* **HOW TO COMPLETE THIS TASK**: Only the stretch below from the line holding "The sun was" through the line holding "7月5日、1年生はえんぴつ公" should be restated, word for word and with both ends included; pictures stay out.

* **DATA SUPPLIED**:
..............................
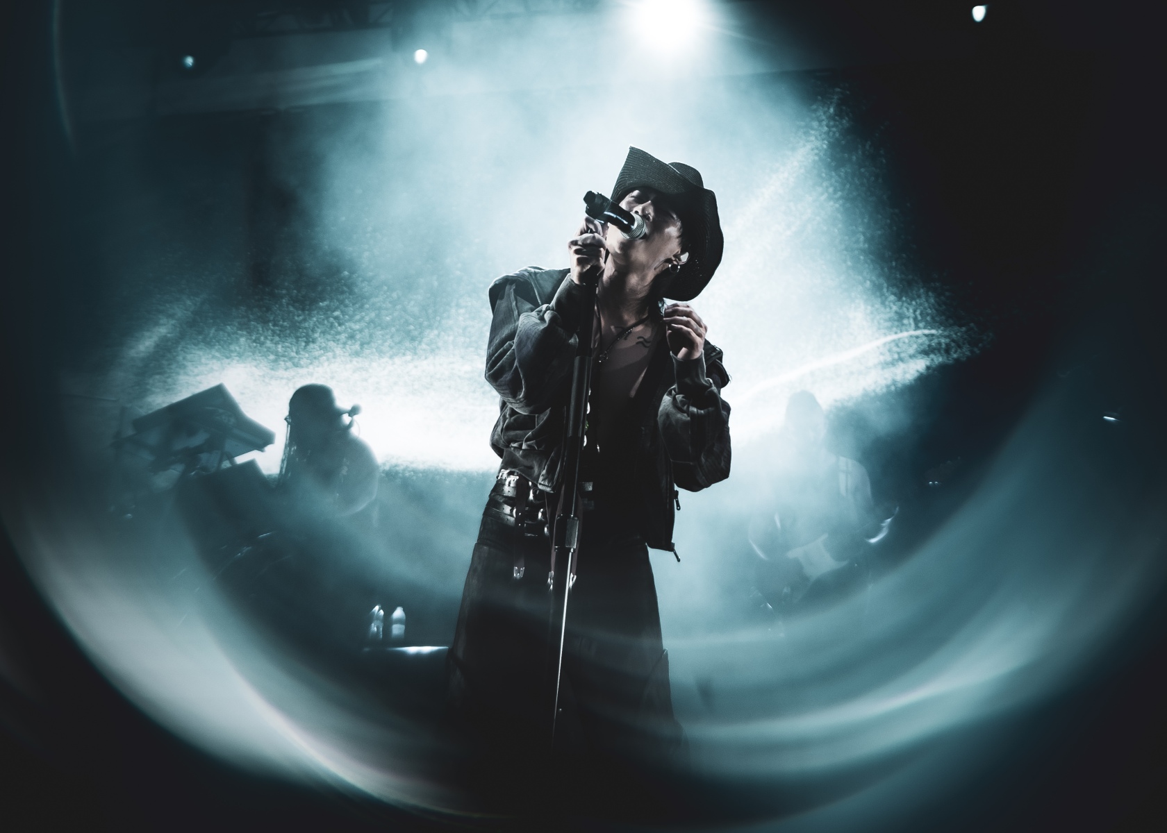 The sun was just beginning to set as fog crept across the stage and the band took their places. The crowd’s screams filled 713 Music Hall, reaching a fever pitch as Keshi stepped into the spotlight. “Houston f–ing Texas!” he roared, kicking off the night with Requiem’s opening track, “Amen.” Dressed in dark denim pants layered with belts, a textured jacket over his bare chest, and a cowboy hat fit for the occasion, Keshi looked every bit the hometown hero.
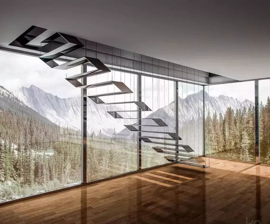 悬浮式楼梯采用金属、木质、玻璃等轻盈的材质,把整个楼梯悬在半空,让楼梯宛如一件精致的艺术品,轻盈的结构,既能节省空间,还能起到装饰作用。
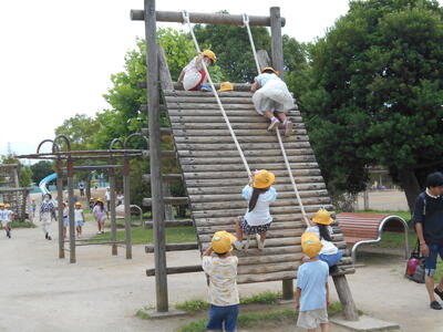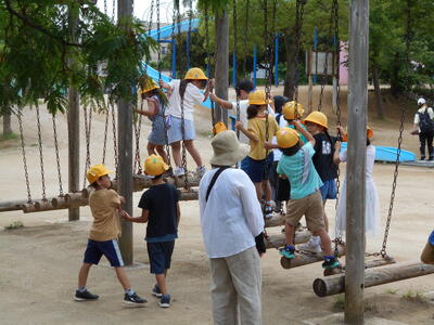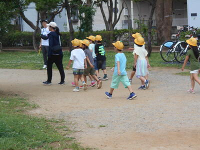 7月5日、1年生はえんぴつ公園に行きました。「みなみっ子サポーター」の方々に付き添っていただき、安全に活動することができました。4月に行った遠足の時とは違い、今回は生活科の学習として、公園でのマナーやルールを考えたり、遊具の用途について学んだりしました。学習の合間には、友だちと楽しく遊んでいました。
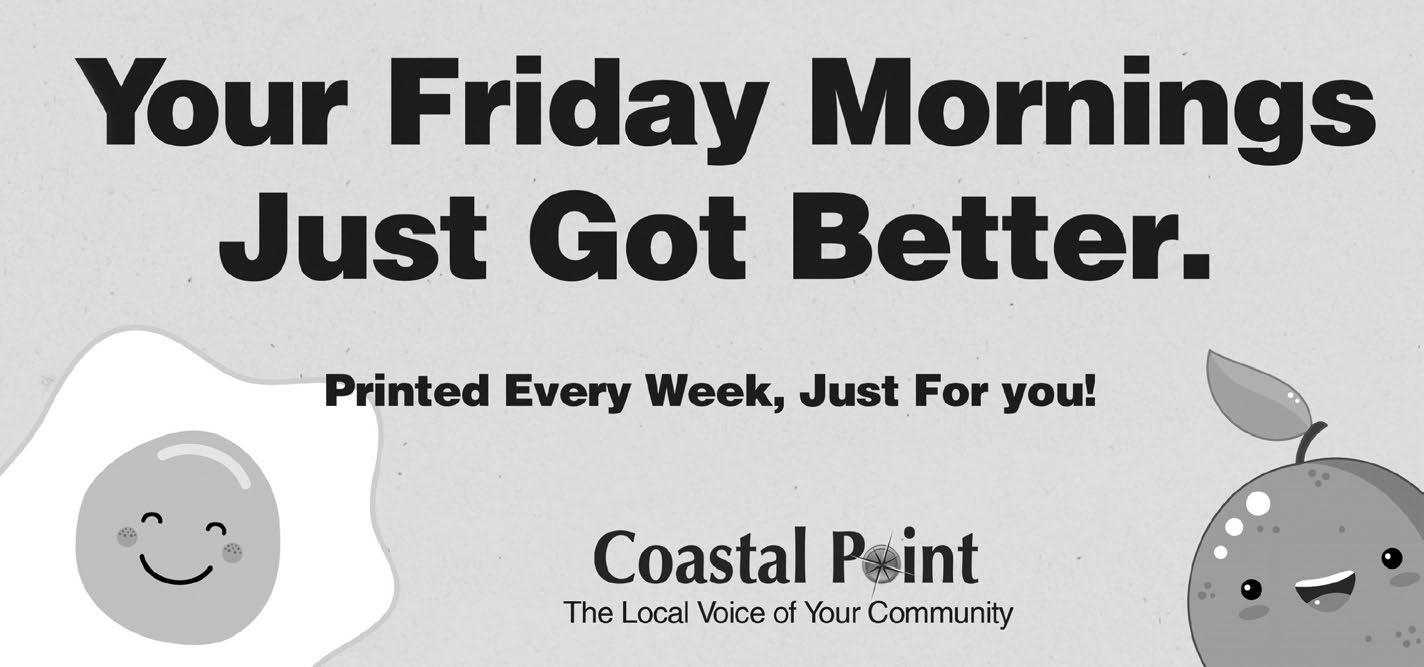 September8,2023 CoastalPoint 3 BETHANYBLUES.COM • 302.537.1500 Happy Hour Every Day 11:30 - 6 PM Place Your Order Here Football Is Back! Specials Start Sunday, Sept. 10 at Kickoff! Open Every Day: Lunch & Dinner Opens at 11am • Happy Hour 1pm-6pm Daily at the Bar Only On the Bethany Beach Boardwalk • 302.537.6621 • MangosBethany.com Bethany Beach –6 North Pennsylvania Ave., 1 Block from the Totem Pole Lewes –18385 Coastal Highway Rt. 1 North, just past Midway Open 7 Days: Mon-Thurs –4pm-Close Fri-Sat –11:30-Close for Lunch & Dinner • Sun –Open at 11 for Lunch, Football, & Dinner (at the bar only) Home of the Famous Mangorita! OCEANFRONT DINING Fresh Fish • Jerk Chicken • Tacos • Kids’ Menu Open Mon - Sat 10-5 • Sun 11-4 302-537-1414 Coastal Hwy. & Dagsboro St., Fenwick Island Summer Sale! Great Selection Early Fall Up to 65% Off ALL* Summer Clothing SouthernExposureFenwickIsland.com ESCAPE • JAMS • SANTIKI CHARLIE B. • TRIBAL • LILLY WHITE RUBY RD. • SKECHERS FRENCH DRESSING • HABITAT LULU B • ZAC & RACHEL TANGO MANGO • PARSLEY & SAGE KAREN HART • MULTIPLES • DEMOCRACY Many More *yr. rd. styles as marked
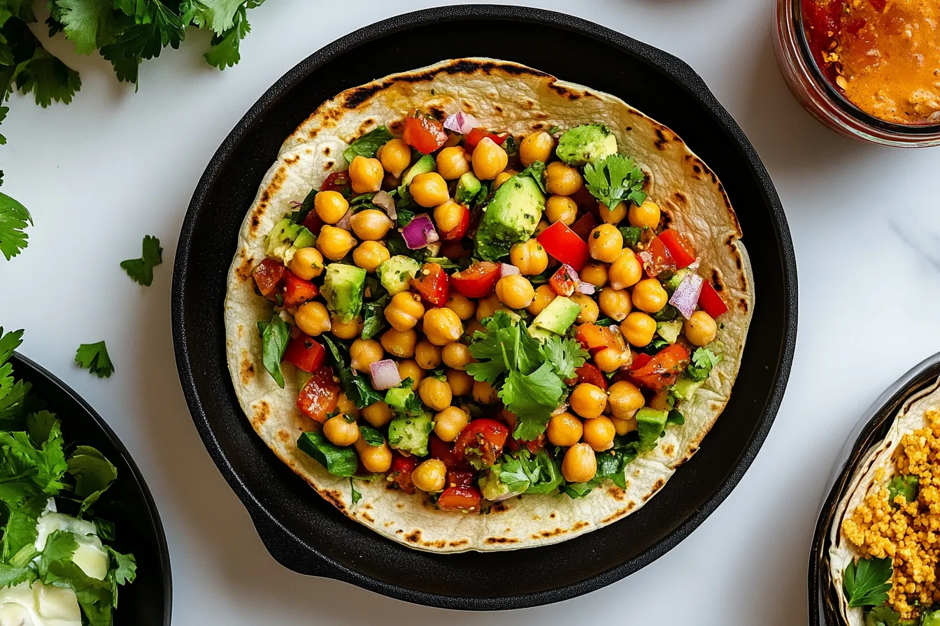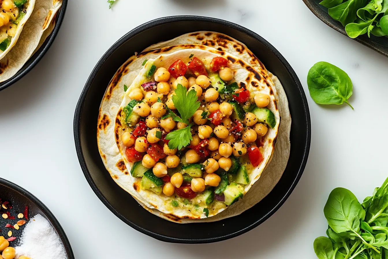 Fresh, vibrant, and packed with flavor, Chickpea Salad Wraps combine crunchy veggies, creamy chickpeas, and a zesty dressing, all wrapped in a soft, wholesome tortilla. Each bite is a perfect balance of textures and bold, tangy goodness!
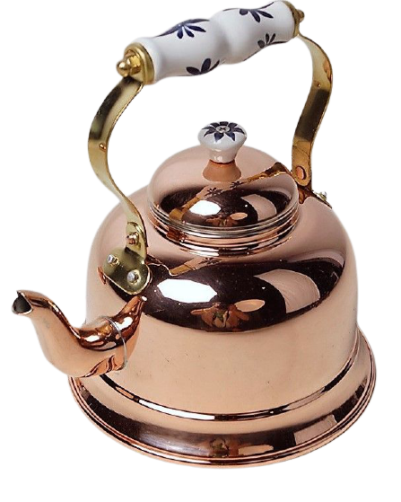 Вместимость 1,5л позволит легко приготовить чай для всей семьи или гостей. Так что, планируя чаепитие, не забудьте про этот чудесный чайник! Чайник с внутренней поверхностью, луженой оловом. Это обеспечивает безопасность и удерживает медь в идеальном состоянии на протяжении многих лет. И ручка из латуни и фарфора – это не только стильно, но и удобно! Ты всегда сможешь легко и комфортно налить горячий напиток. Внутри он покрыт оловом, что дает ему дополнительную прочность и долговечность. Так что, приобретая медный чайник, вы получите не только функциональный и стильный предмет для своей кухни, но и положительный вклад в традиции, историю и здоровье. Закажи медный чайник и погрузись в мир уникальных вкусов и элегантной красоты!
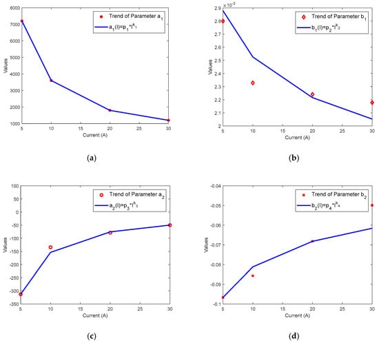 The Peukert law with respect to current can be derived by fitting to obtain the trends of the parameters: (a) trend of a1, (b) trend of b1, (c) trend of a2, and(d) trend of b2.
..............................
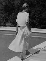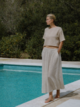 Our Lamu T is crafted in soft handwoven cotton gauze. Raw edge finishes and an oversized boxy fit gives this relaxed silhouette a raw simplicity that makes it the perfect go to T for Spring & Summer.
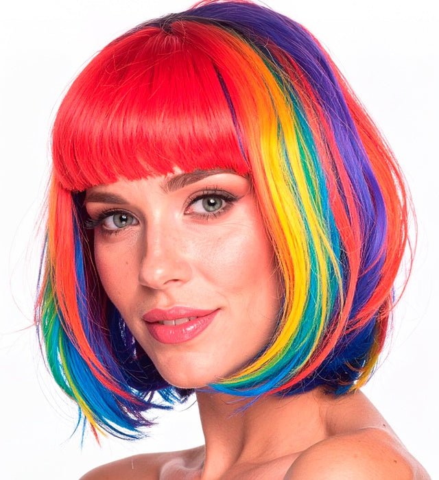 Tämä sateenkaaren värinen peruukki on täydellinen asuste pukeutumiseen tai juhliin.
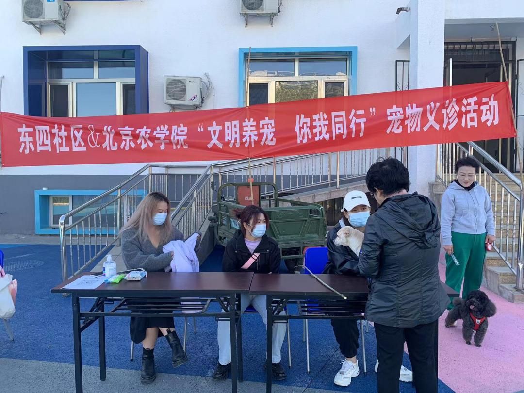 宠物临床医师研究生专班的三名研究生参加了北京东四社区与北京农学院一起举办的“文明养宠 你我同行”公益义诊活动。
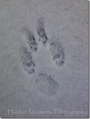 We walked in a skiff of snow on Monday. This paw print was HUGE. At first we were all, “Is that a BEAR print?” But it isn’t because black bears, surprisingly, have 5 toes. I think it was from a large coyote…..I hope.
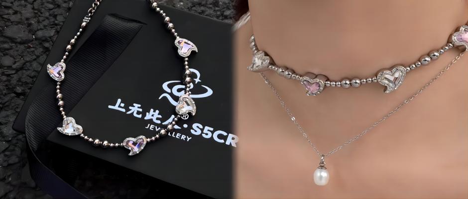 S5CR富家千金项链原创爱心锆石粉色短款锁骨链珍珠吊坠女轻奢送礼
..............................
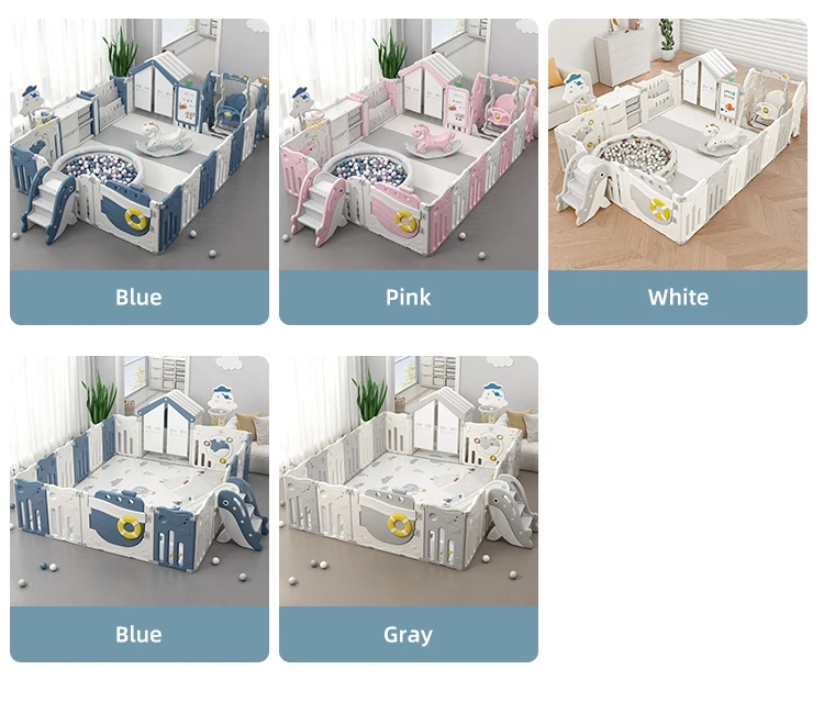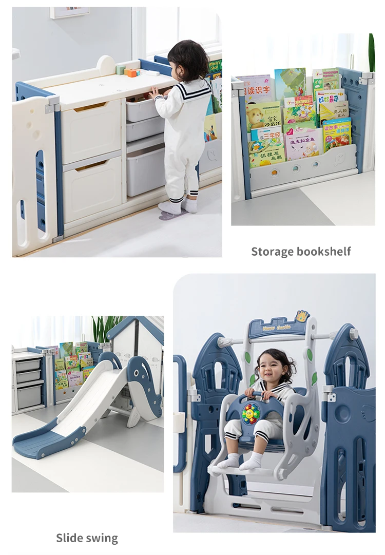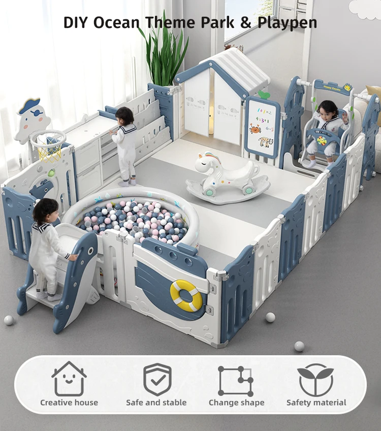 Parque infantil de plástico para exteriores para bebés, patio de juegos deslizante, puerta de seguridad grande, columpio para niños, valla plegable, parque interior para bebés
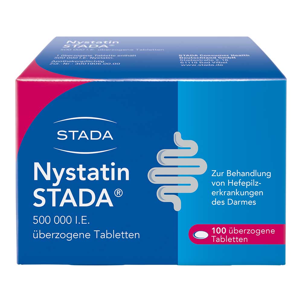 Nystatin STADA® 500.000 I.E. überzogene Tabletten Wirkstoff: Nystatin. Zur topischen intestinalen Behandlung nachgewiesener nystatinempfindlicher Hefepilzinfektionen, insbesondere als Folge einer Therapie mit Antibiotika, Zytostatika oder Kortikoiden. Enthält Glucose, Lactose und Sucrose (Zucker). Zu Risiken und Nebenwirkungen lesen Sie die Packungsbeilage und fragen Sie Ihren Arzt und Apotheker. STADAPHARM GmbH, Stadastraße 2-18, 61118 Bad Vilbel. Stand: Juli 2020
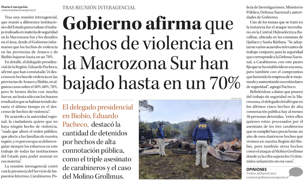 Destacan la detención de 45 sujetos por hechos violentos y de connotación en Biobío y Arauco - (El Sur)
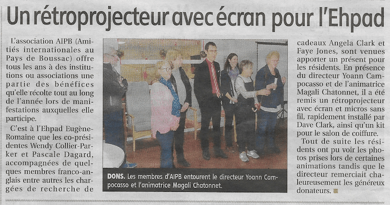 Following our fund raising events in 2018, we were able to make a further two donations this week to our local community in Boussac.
..............................
* **ANSWER SECTION**:
 The sun was just beginning to set as fog crept across the stage and the band took their places. The crowd’s screams filled 713 Music Hall, reaching a fever pitch as Keshi stepped into the spotlight. “Houston f–ing Texas!” he roared, kicking off the night with Requiem’s opening track, “Amen.” Dressed in dark denim pants layered with belts, a textured jacket over his bare chest, and a cowboy hat fit for the occasion, Keshi looked every bit the hometown hero.
 悬浮式楼梯采用金属、木质、玻璃等轻盈的材质,把整个楼梯悬在半空,让楼梯宛如一件精致的艺术品,轻盈的结构,既能节省空间,还能起到装饰作用。
 7月5日、1年生はえんぴつ公園に行きました。「みなみっ子サポーター」の方々に付き添っていただき、安全に活動することができました。4月に行った遠足の時とは違い、今回は生活科の学習として、公園でのマナーやルールを考えたり、遊具の用途について学んだりしました。学習の合間には、友だちと楽しく遊んでいました。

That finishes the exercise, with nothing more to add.